(THE TASK) Using the records that follow, reproduce exactly the lines starting at the line containing "そこで今回はSNSマーケティ" and ending at the line containing "It’s March again.". Include both end lines and no pictures.

(SOURCE INFORMATION)
^^^^

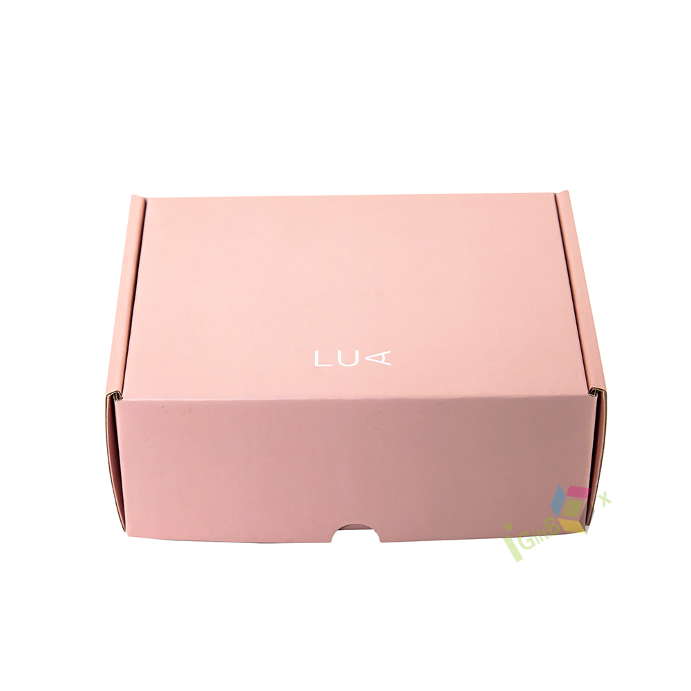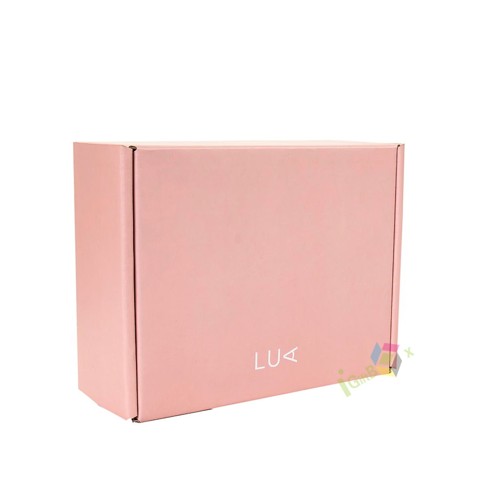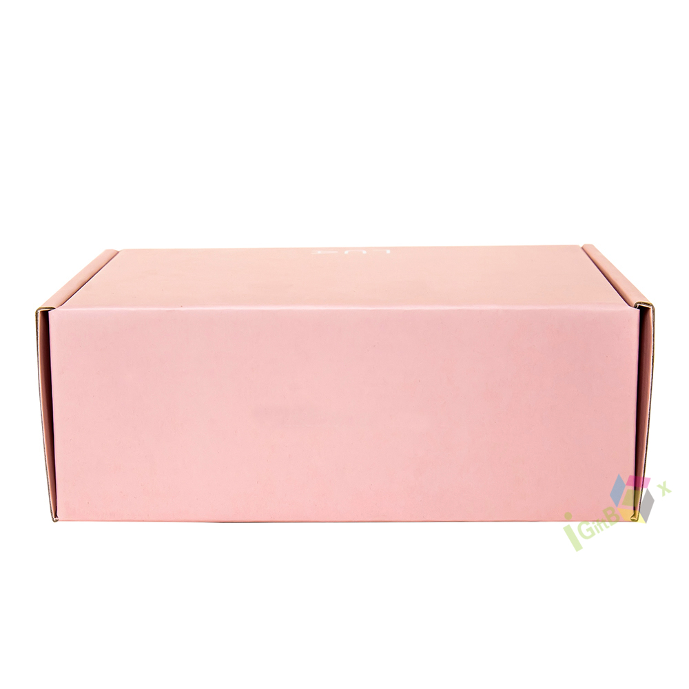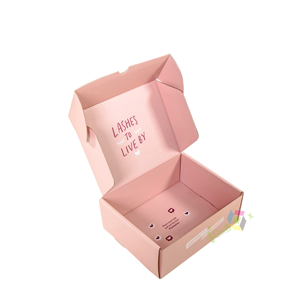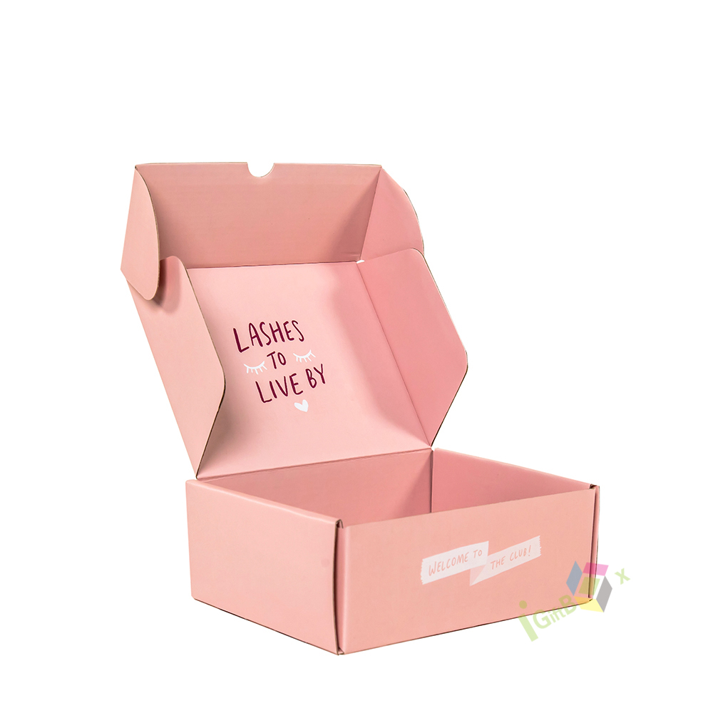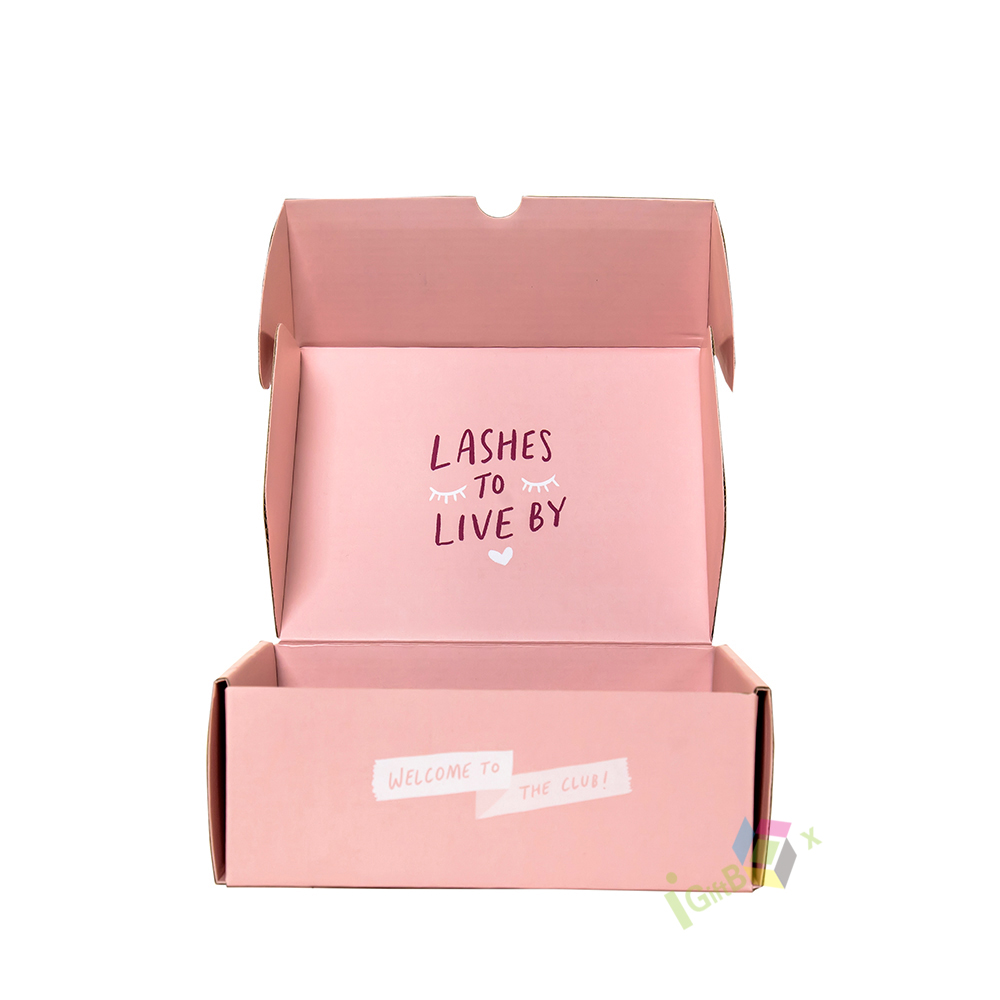 Soft pink corrugated mailer box with custom logo, ideal for beauty and lash product shipping. Crafted from sturdy, lightweight cardboard, this self-locking box provides reliable protection during transit while adding a branded, personalized touch. The smooth matte finish and vibrant pink color create a playful yet professional aesthetic, perfect for small businesses, beauty brands, and subscription services.
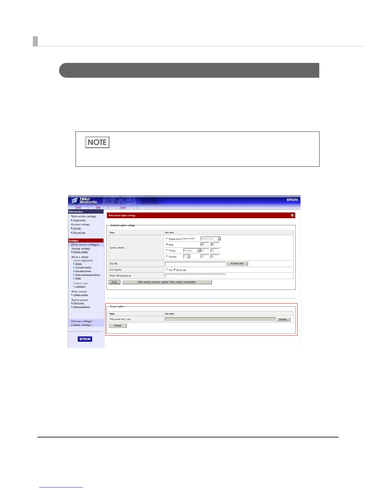 The "Web content update settings" screen is displayed.
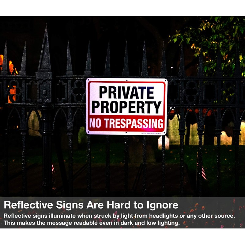 - Highly visible red, black, and white design is sure "Private Property - No Trespassing Sign" to catch the attention of possible intruders
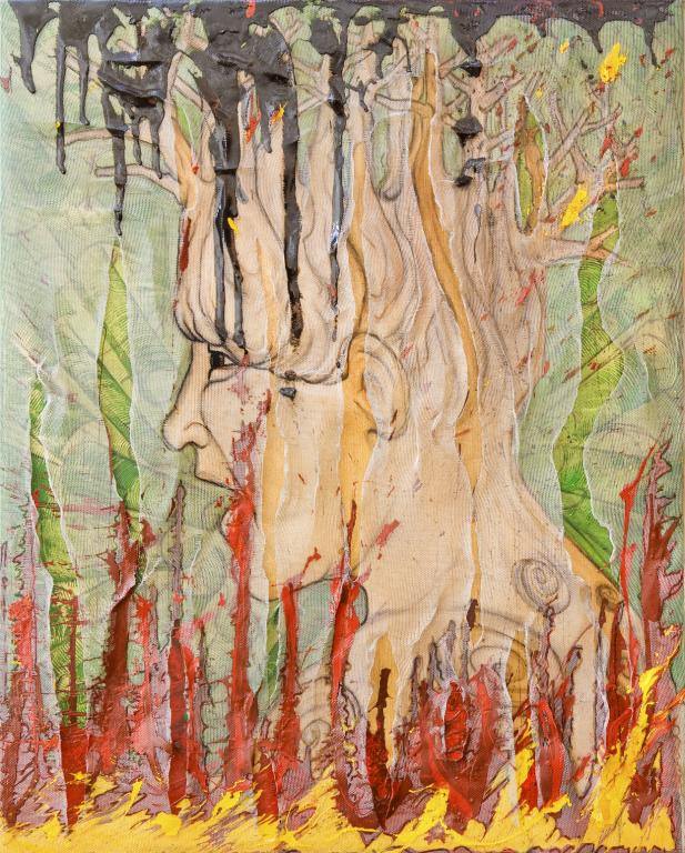 I volti, le figure, perfettamente riconoscibili nelle opere, sono la materia organica, convocata a descrivere il legame indissolubile dell’uomo con la memoria, il ricordo, l’esperienza che è alla base dell’identità. Ma l’uomo e la sua identità sono, come già accennato, anche perenne diacronica, pensiero, mutamento: da ciò il variegato ventaglio di possibilità rappresentative e una visione-fruizione a 360°. Un uomo che è entità complessa: astratta e fisica al contempo. Perciò, la necessità di una materica raffigurazione (i visi, i corpi), avvolta da spirali e resa da micro-polveri metallizzate policrome soffiate e miste ad acrilici. Un punto di partenza tangibile e chiaro da cui si dipana una narrazione cromatica e di luce in cui convivono composizione e scomposizione. Le spirali assurgono a testimonianza e sembiante del movimento, del vortice, delle differenti prospettive. Personaggi dalle fattezze evidenti, quasi mai dal sesso definito, però, mostrano una fissità dello sguardo, che anela ad abbracciare la triplice cronologia di presente (il dato reale concreto), futuro (il divenire), passato (la memoria incancellabile e imprescindibile).
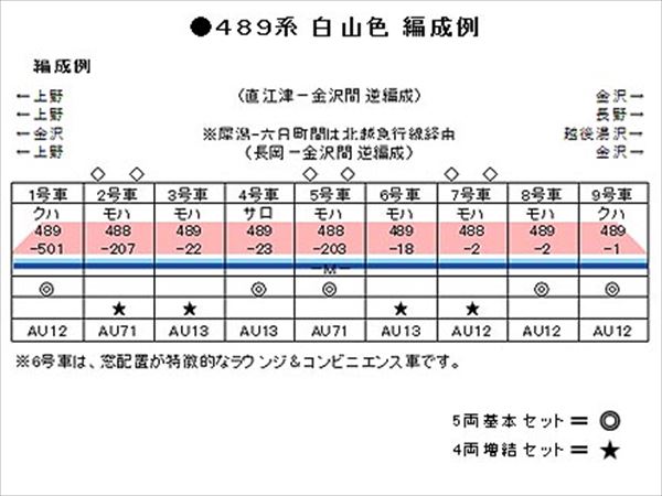 6号車のモハ489は、半室がラウンジとコンビニエンスカーに改造され、窓配置がわずかに変更となっています。
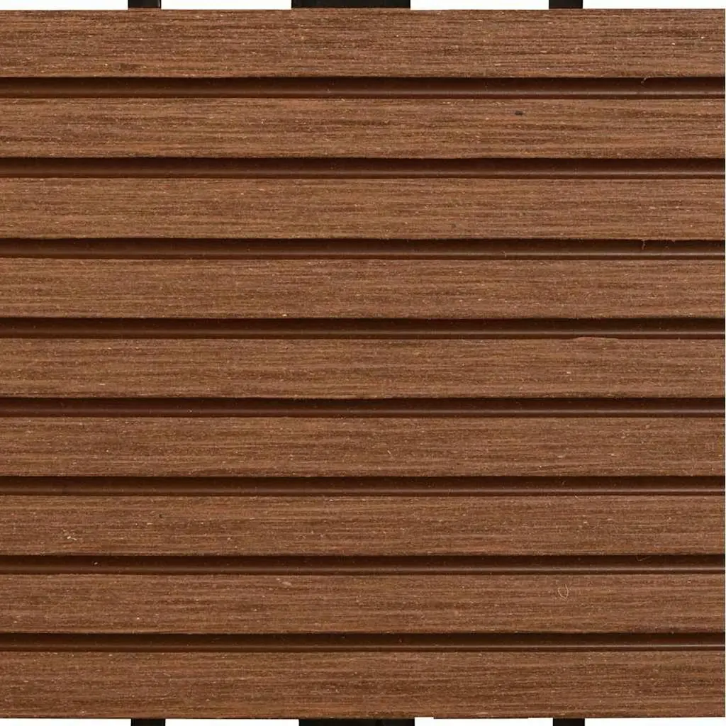 This WPC decking tile set, with an individual tile size of 11.8" x 11.8", consists of 11 pieces and covers a total surface area of 10.8 ft². It will be perfect for patios, balconies, bathrooms, or your pool or spa area.These high-quality WPC tiles feature a quick connect interlocking system, allowing you to easily and quickly install them without the need for tools. Made of high-quality wood plastic composite, our tiles are water-proof and highly durable.
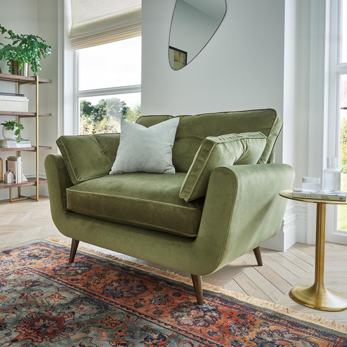 Coordinating with a selection of eco-conscious sofas; the Stratus Snuggler Chair has been made from recycled, re-purposed and responsibly sourced materials. Starting out as bottles and plastic fibres, the Stratus has been lovingly crafted in the UK, preventing these materials reaching landfill and the ocean! When you sink into the Stratus Snuggler armchair, you’ll have helped protect the planet! With a wide and deep seat and curved armrests – it’s the perfect spot to snuggle up and daydream! Featuring piped upholstery, buttoned bolster cushions, tufted details and solid wood feet - the Stratus collection perfectly pairs contemporary and classic characteristics. Versatile and a joy to style; pick from our luxuriously soft selection of velvets. Create a reading nook with a floor lamp, cosy throw and scatter cushion for good measure. Add the matching footstool to your set and pop your feet up while you’ve got your nose in a good book. Still pondering? The Stratus collection arrives in fully recyclable packaging and takes mere minutes to assemble… you’ll be cosied up in no time.
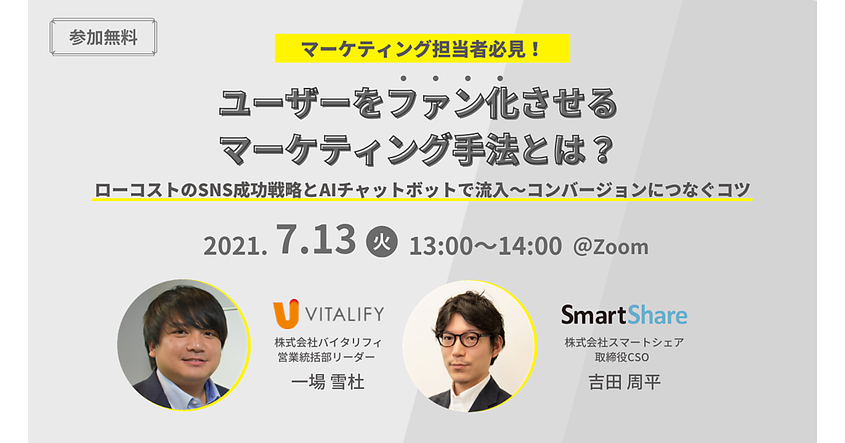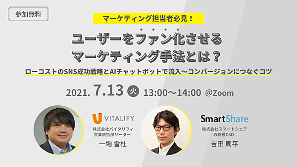 そこで今回はSNSマーケティングプラットフォーム「OWNLY」を提供するスマートシェアと、AIチャットボット「FirstContact」を提供するバイタリフィが共催で、流入~コンバージョンまでどのようなマーケティング施策を実施すべきなのか、そして、1度きりの購入ではなくリピートに繋げるためにユーザーをファン化させるには何が有効なのかを徹底解説します。
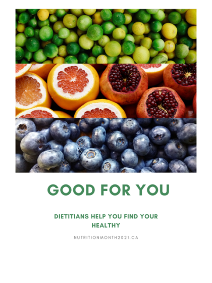 It’s March again. It’s always been March. It will always be March. Hasn’t it felt like that thanks to the pandemic? But it really is March and it is Dietitians of Canada’s Nutrition Month. The theme this year is Good for You – Dietitians help You find Your Healthy.
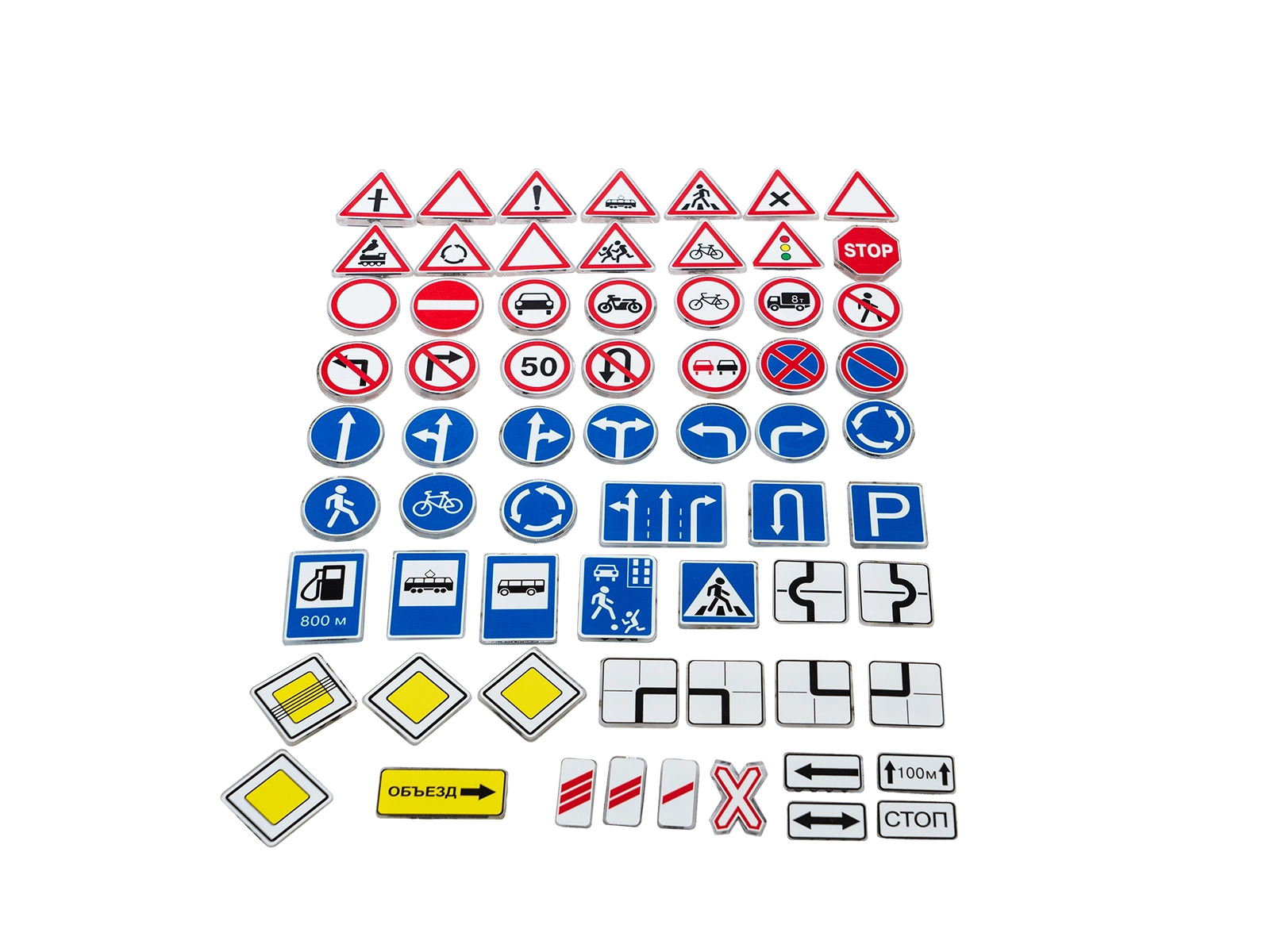 Комплект тематических магнитов предназначен для моделирования на магнитно-маркерных досках различных дорожных ситуаций с учетом значений дорожных знаков и наглядной демонстрации обучающимся правил дорожного движения.
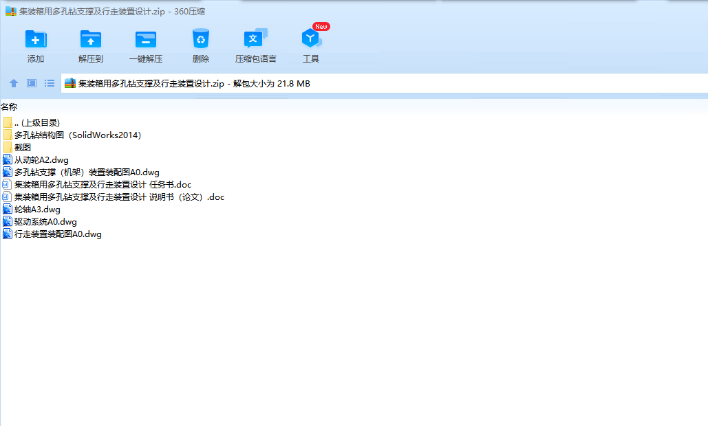 关键词:集装箱;多孔钻;支架;行走装置;Solidworks;CAD

^^^^

(THE ANSWER)
 そこで今回はSNSマーケティングプラットフォーム「OWNLY」を提供するスマートシェアと、AIチャットボット「FirstContact」を提供するバイタリフィが共催で、流入~コンバージョンまでどのようなマーケティング施策を実施すべきなのか、そして、1度きりの購入ではなくリピートに繋げるためにユーザーをファン化させるには何が有効なのかを徹底解説します。
 It’s March again. It’s always been March. It will always be March. Hasn’t it felt like that thanks to the pandemic? But it really is March and it is Dietitians of Canada’s Nutrition Month. The theme this year is Good for You – Dietitians help You find Your Healthy.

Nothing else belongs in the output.